What happens when two thirtysomething siblings relive the summer reading programs of their youth in an all-out battle of the books? The race is on as they read by the rules and keep tally on their logs to see who will be the ultimate reader by Labor Day 2010.

August 10, 2010

The Curse of Trying to Eradicate a Twelve Book Deficit

After the heavy lifting of “Lonesome Dove” and “Dark Places,” I was looking for something lighter/less depressing to read. I had a week left before my month in Scotland, and two library books from which to choose. Of course, in all my brash ambition, I thought I could polish them both off in a week while simultaneously packing up my life for a month. But then I realized I was the world’s slowest reader, already ten to eleven books behind my sister. So when the time for the actual Sophie’s Choice between the two rolled around, I had to go with the easier read. So even though I really wanted to read “Faithful Place,” I had to put her back in the returned books bin, unread, and side with “The Curse of the Gilded Fly.”

Kerry has already mentioned my childhood weakness for Agatha Christie and Martha Grimes*, and so I thought Edmund Crispin’s book might be a welcome return to my youth. Plus, it had been touted by Nancy Pearl, and fell into one of my favorite subgenres, Mysteries that Take Place in a Boarding School/University Setting (see “The Secret History,” “The Likeness,” and “The Disreputable Reputation of Frankie Landau-Banks”). The book jacket touted it as a return to The Golden Age of Mystery, and while I certainly enjoyed the cast of eccentric characters, but I forgot how boring books from TGAOM can be. Most of the book is static scenes of interviews, set in a parlor, and the action doesn’t kick in until the final chapter. But the World War II setting lent a menacing air (blackouts play a key role), and the book is weirdly funny. Characters frequently call out the fact that they’re characters in a book, and Crispin writes with an acidic dryness. The book also serves as a reminder as to how much smarter everyone was fifty years ago. Even the dumb characters knowledgeably reference “Cymbeline” and “Pericles” (huh?) and the vocab words sent me racing to a dictionary, or at least dictionary.com.
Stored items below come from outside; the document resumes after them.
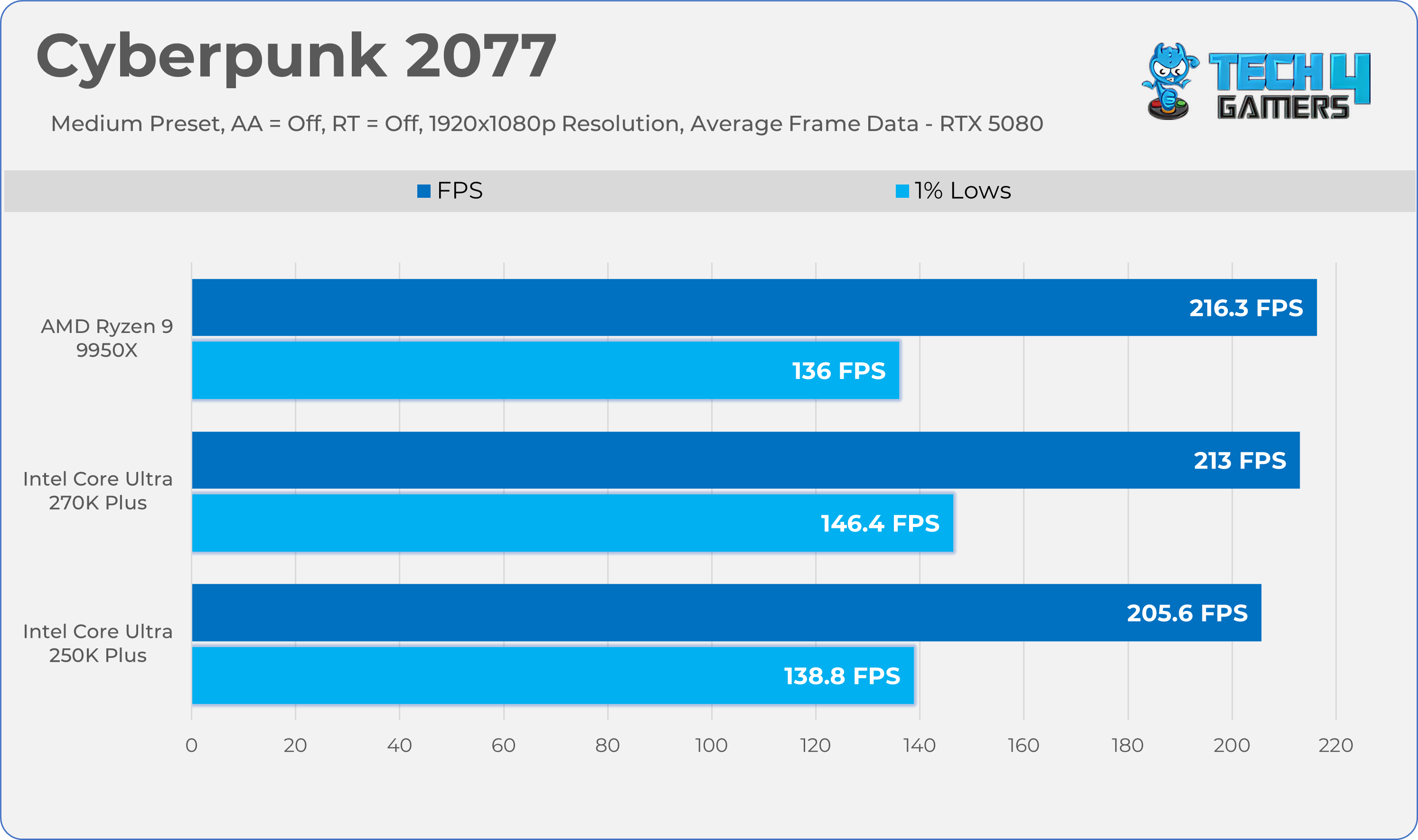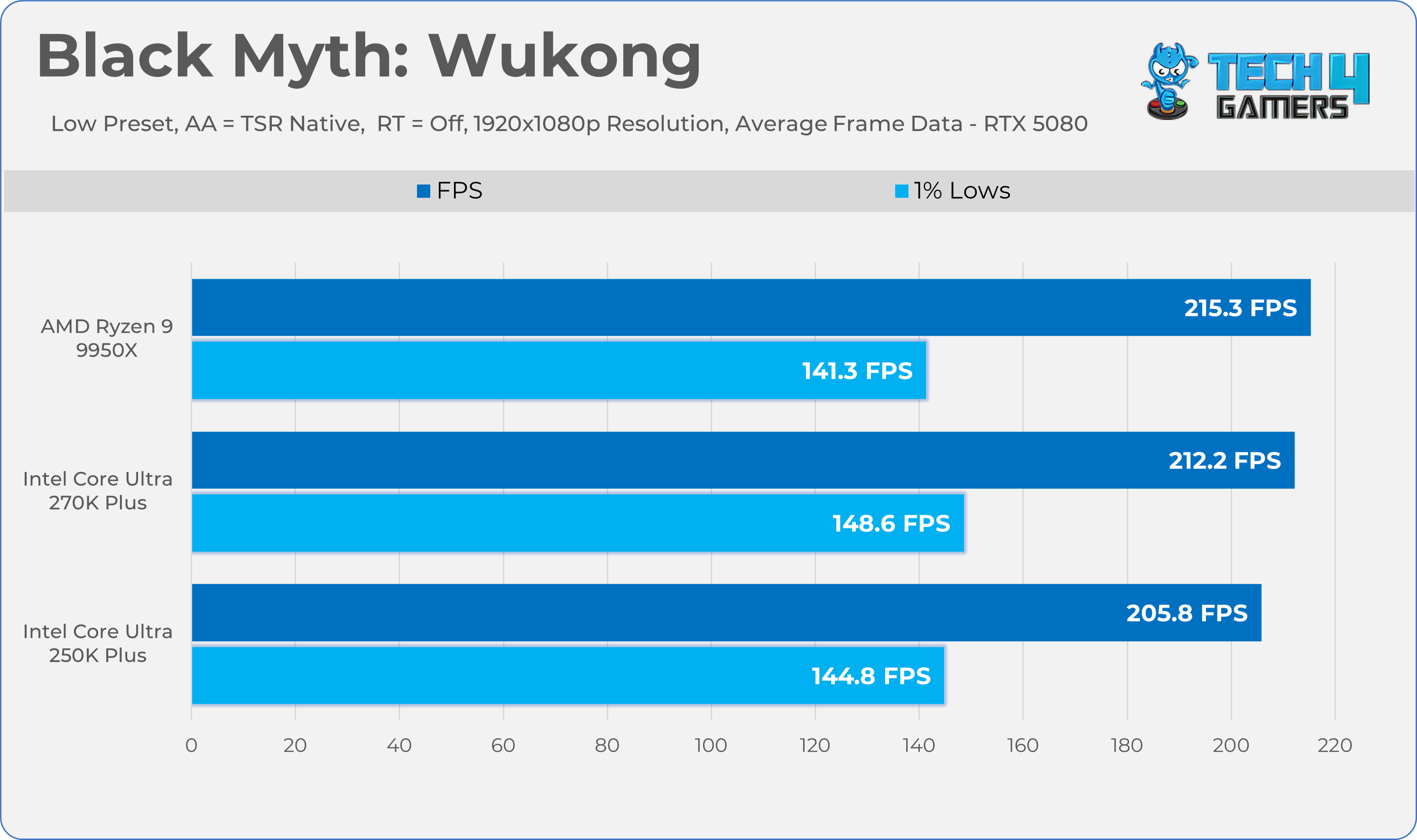 In games, the Intel Core Ultra 270K Plus is less impressive, though. Core Ultra 250K Plus offers greater value and runs more efficiently for gaming. The 270K Plus is still a highly capable processor, but it still cannot outperform the AMD Ryzen 9 9950X in the majority of games, though the difference is not very huge. In many games, the 270K Plus provides basically zero advantage over the $199 Core Ultra 250K Plus in a few games. However, with more cores and threads, the 270K Plus provides smoother pacing, especially in Black Myth Wukong and Cyberpunk 2077. If high-refresh-rate competitive gaming is the goal, AMD still remains the undisputed king. Still, The 270K Plus seems to be a difficult CPU for gaming, offering flagship-level performance and exceptional frame pacing, but its inconsistency is still glaring, suggesting potential thread-scheduling or cross-die latency issues that can be easily addressed by the Intel platform drivers.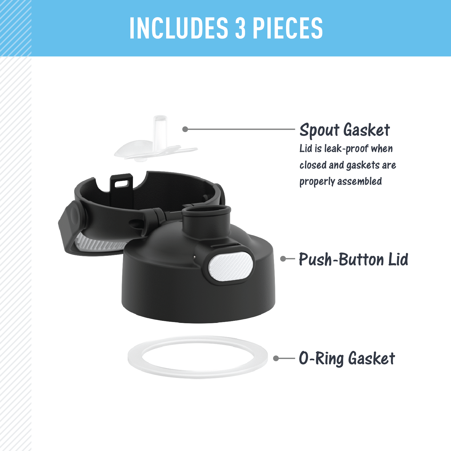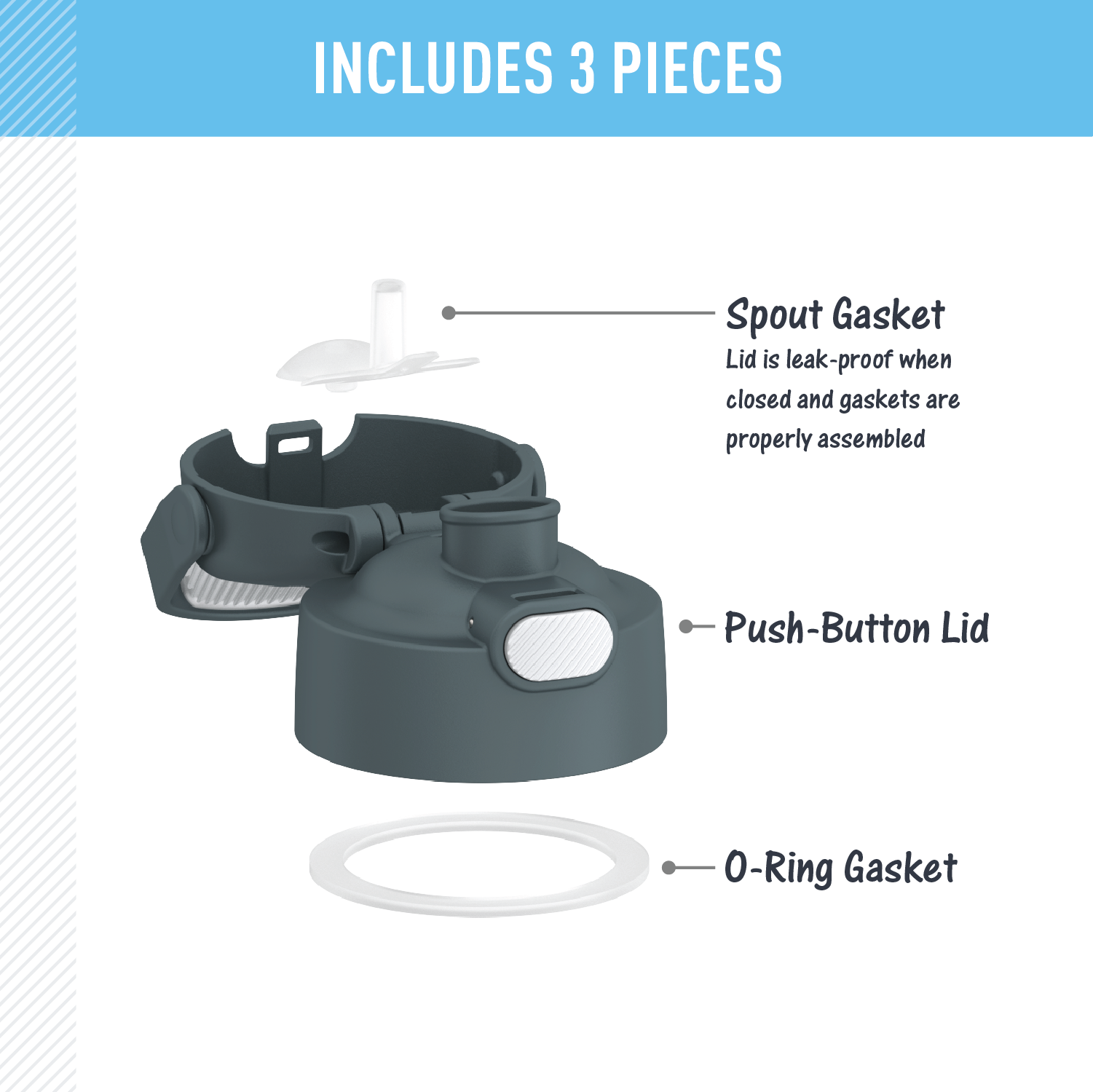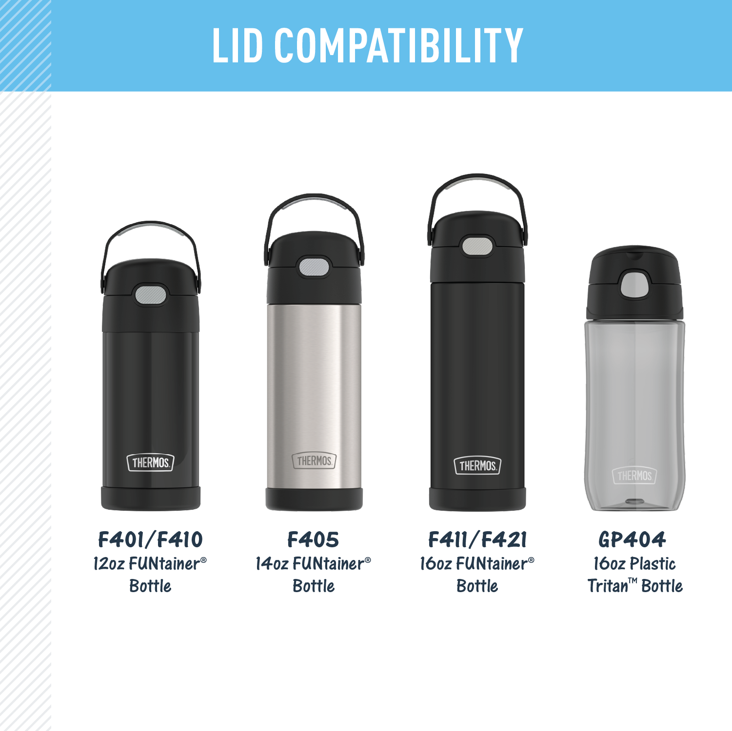 This FUNtainer? water bottle replacement spout lid is a convenient way to replace current lids or to swap out a lid for a clean one between washings. Compatible with: F401/F410. F405. F411/F421 and GP404 products. This replacement lid is not compatible with a straw. since it has a spout.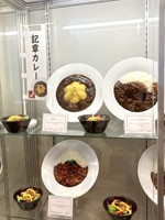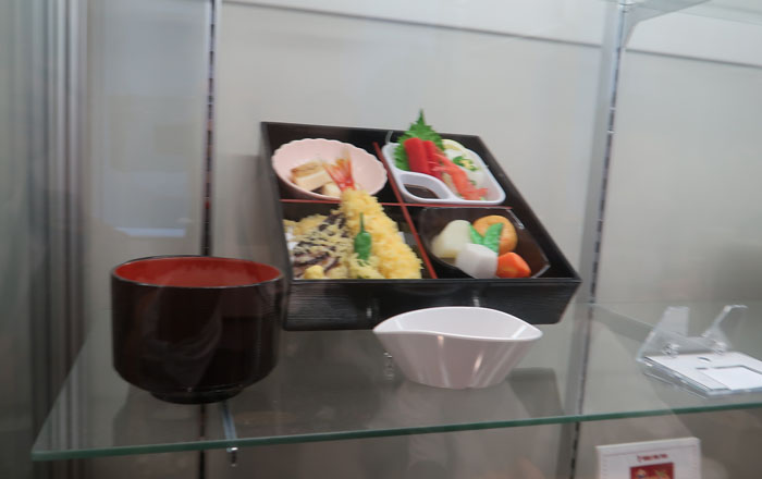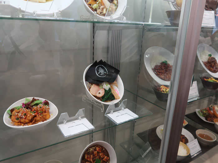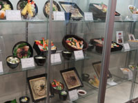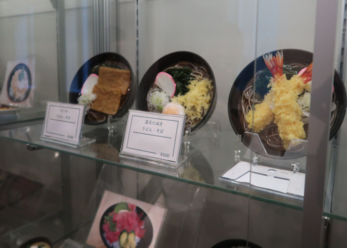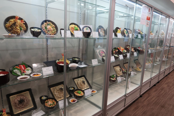 | 広々とした食品サンプルショーケース、値札が伏せられているもの多し |
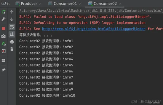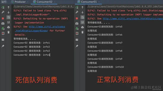 启动两个消费者 ,打开生产者(可以发现 info5 的消息自动转入死信队列中)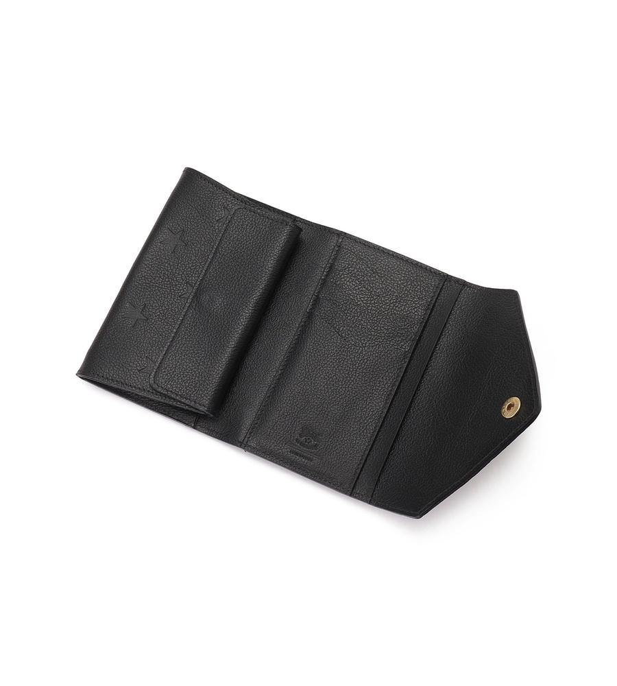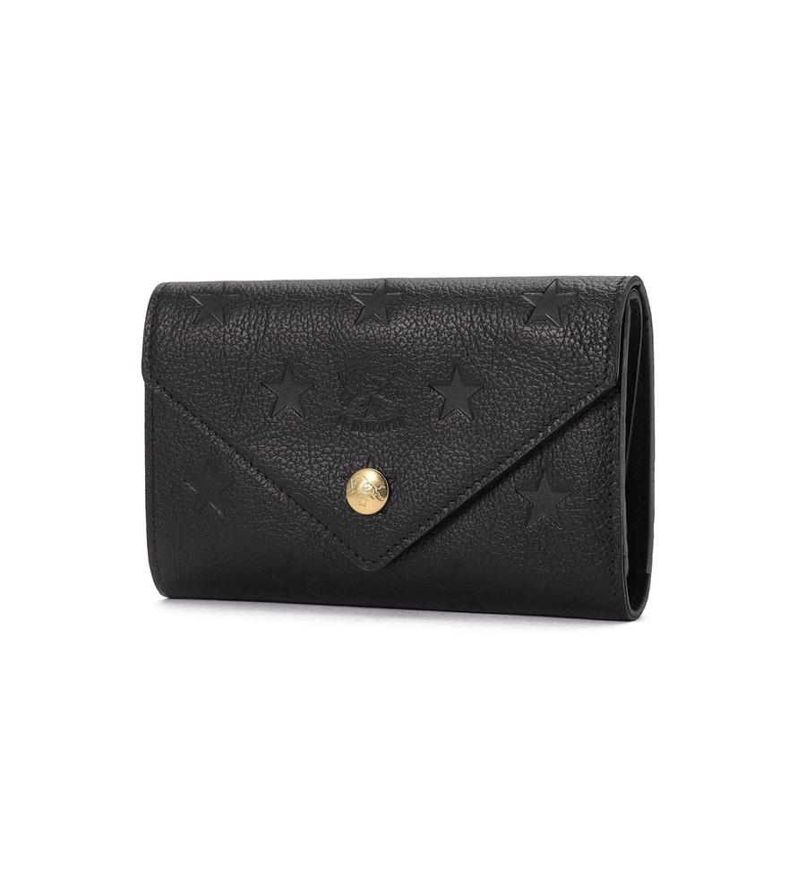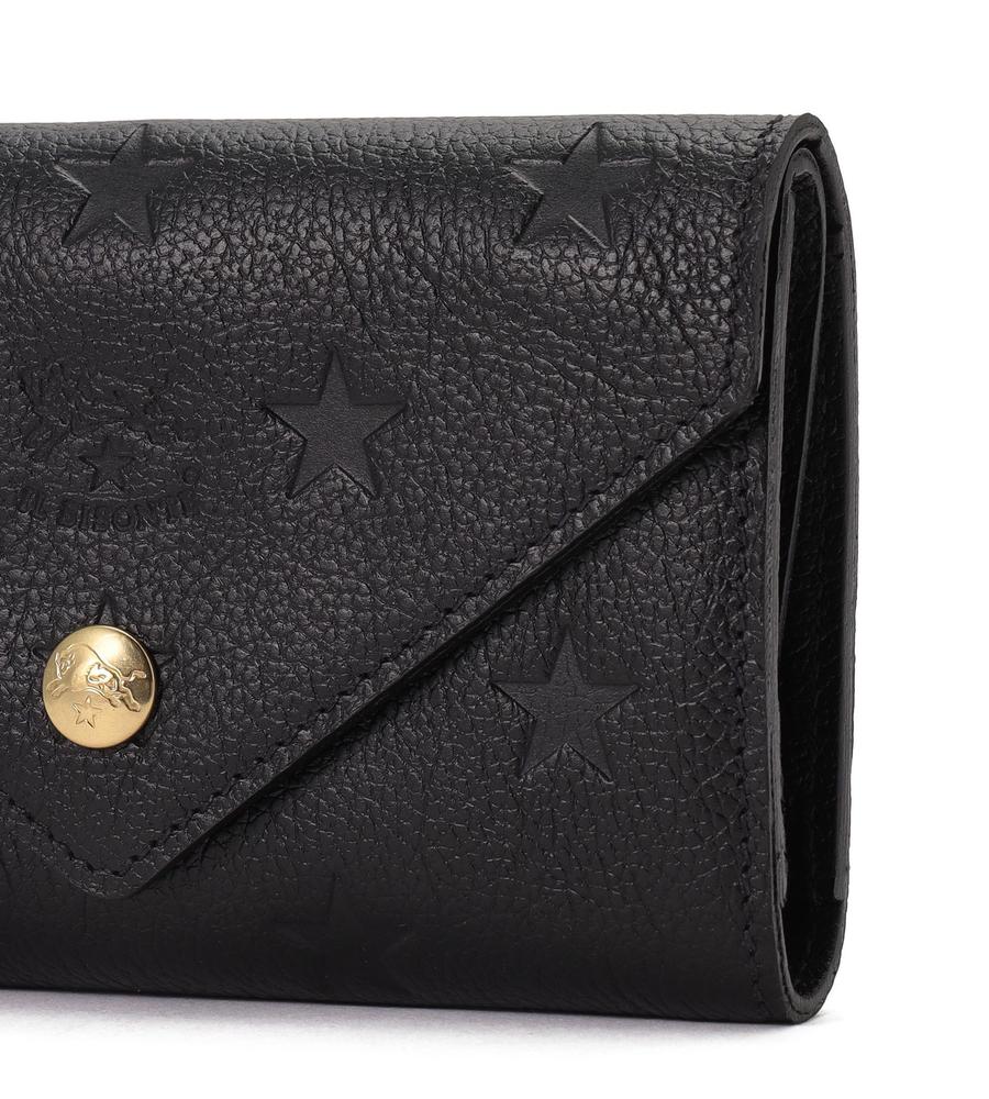 クラシックカラーのレザーにスターモチーフを型押ししたフラップ式ウォレット。優れた収納力を保ちながら、大きすぎないミディアムサイズに仕上げています。中央にはバイソンロゴと金ボタンを配置。上質なレザーの風合いも魅力です。

So while I didn’t love the book, I appreciate the fact that it taught me such words as prolegomena, objurgatory, and – my personal favorite – aposiopesis, which -

Martha Grimes probably served as my Meg Cabot, teaching me all about “kissing, dating, birth control, homosexuality, eating disorders, unplanned pregnancies, unwed mothers, or cliques.”

1 comment:

  1. "Brendan wished he could count the lengthy prolegomena as its own book, after taking three nights to read it."